Traditional OLTP workloads do not tend to have the concurrency to actually saturate the NVME. You would need to be 40-way parallel, but most OLTP workloads give you 4-way.

Multiple instances per device are almost a must.

2 comments

With a lot of NVMe devices, up to medium priced server gear, the bottleneck in OLTP workloads isn't normal write latency, but slow write cache flushes. On devices with write caches one either needs to fdatasync() the journal on commit (which typically issues a whole device cache flush) or use O_DIRECT | O_DSYNC (ending up as a FUA write which just tags the individual write as needing to be durable) for journal writes. Often that drastically increases latency and slows down concurrent non-durable IO, reducing the benefit of deeply queued IO substantially.
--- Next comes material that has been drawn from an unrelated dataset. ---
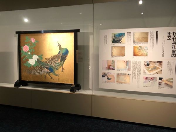 《松・牡丹孔雀図衝立》呉春・亀岡規礼筆の作品が煌びやかに蘇っています。
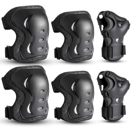 Kids/Youth/Adult Knee Pads Elbow Pads with Wrist Guards Protective Gear Set 6 Pack for Roller Skating Skateboard Cycling Skating Bike Scooter Riding Sports

On top-line gear this isn't an issue, they don't signal a write cache (by virtue of either having a non-volatile cache or enough of a power reserve to flush the cache). Which then prevents the OS from actually doing more expensive for fdatasync()/O_DSYNC. One also can manually ignore the need for caching by changing /sys/block/nvme*/queue/write_cache to say write through, but that obviously looses guarantees - but can be useful to test on lower end devices.

One consequence of that is that:

> Multiple instances per device are almost a must.

Isn't actually unproblematic in OLTP, because it increases the number of journal writes that need to be flushed. With a single instance group commit can amortize the write cache flush costs much more efficiently than with many concurrent instances all separately doing much smaller group commits.

> You need to talk with deep queues or with multiple concurrent threads to the device in order to eat the entire IOPS buffet.

Completely agree. There is another angle you can play if you are willing to get your hands dirty at the lowest levels.

If you build a custom database engine that fundamentally stores everything as key-value, and then builds relational abstractions on top, you can leverage a lot more benefit on a per-transaction basis. For instance, if you are storing a KVP per column in a table and the table has 10 columns, you may wind up generating 10-20 KVP items per logical row insert/update/delete. And if you are careful, you can make sure this extra data structure expressiveness does not cause write amplification (single writer serializes and batches all transactions).

  > If you build a custom database 
  > engine that fundamentally stores
  > everything as key-value, and then
  > builds relational abstractions on
  > top
Sounds like this could be FoundationDB, among other contenders like TiDB.

https://foundationdb.org

More like myRocks. FoundationDB doesn't use LSM and definitely wants to do lots of overwriting in place. TiDB uses Rocksdb and would be closer.
You may want to play with a TiDB setup from Pingcap.